§ **STORED DATA**:
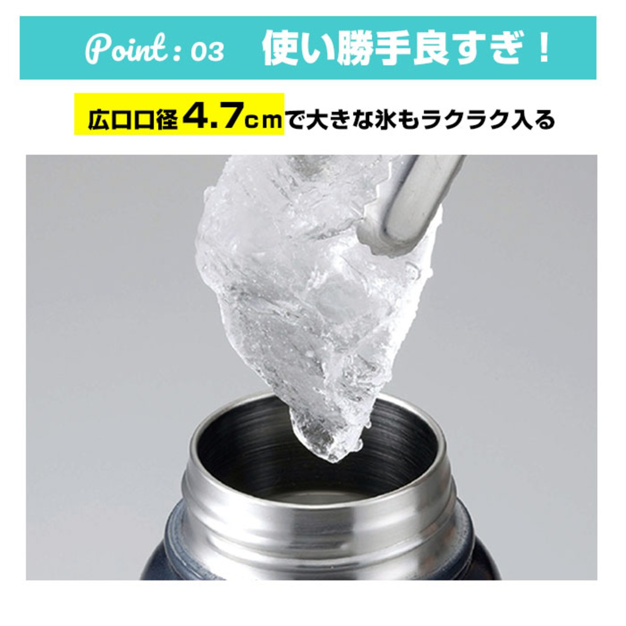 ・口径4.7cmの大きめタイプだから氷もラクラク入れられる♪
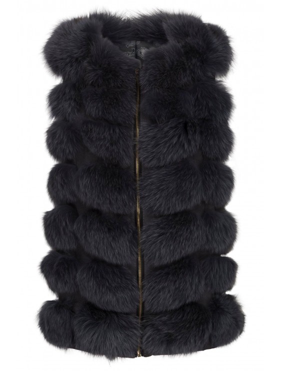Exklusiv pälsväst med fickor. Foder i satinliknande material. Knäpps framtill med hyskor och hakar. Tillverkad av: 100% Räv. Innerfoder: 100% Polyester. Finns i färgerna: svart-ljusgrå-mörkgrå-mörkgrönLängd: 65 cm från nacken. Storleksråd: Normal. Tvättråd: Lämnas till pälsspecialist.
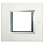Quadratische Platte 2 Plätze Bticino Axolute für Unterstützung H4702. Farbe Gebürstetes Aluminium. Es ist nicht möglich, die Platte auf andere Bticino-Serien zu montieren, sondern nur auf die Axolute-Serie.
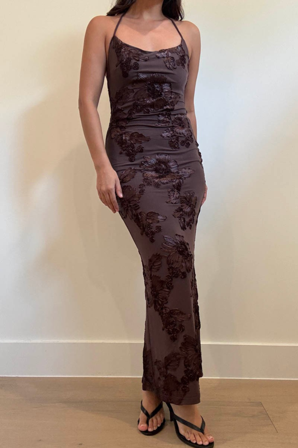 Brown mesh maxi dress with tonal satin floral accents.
...
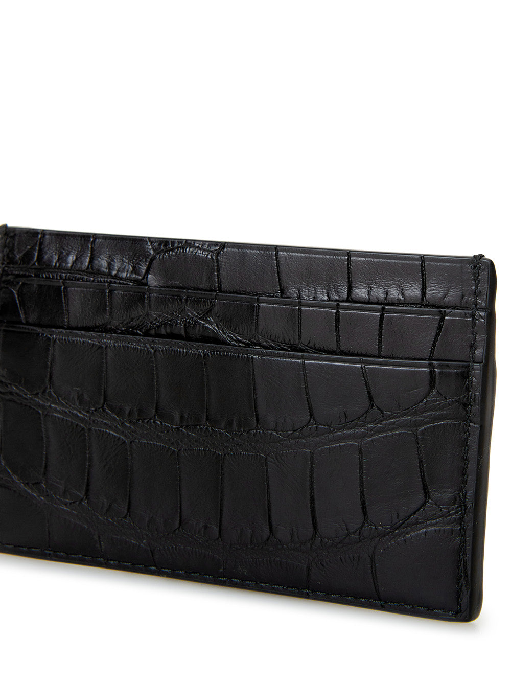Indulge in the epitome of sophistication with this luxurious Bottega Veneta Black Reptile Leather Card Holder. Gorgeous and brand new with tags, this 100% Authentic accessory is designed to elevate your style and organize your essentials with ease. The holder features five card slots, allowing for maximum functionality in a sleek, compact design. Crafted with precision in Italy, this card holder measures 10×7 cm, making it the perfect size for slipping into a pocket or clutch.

§ **DIRECTIONS FOR THIS TASK**: Pictures aside, print exactly the lines above starting with the one containing "Exklusiv pälsväst med" and going on through the one containing "Brown mesh maxi".

§ **RESULT FOR THIS TASK**:
Exklusiv pälsväst med fickor. Foder i satinliknande material. Knäpps framtill med hyskor och hakar. Tillverkad av: 100% Räv. Innerfoder: 100% Polyester. Finns i färgerna: svart-ljusgrå-mörkgrå-mörkgrönLängd: 65 cm från nacken. Storleksråd: Normal. Tvättråd: Lämnas till pälsspecialist.
Quadratische Platte 2 Plätze Bticino Axolute für Unterstützung H4702. Farbe Gebürstetes Aluminium. Es ist nicht möglich, die Platte auf andere Bticino-Serien zu montieren, sondern nur auf die Axolute-Serie.
 Brown mesh maxi dress with tonal satin floral accents.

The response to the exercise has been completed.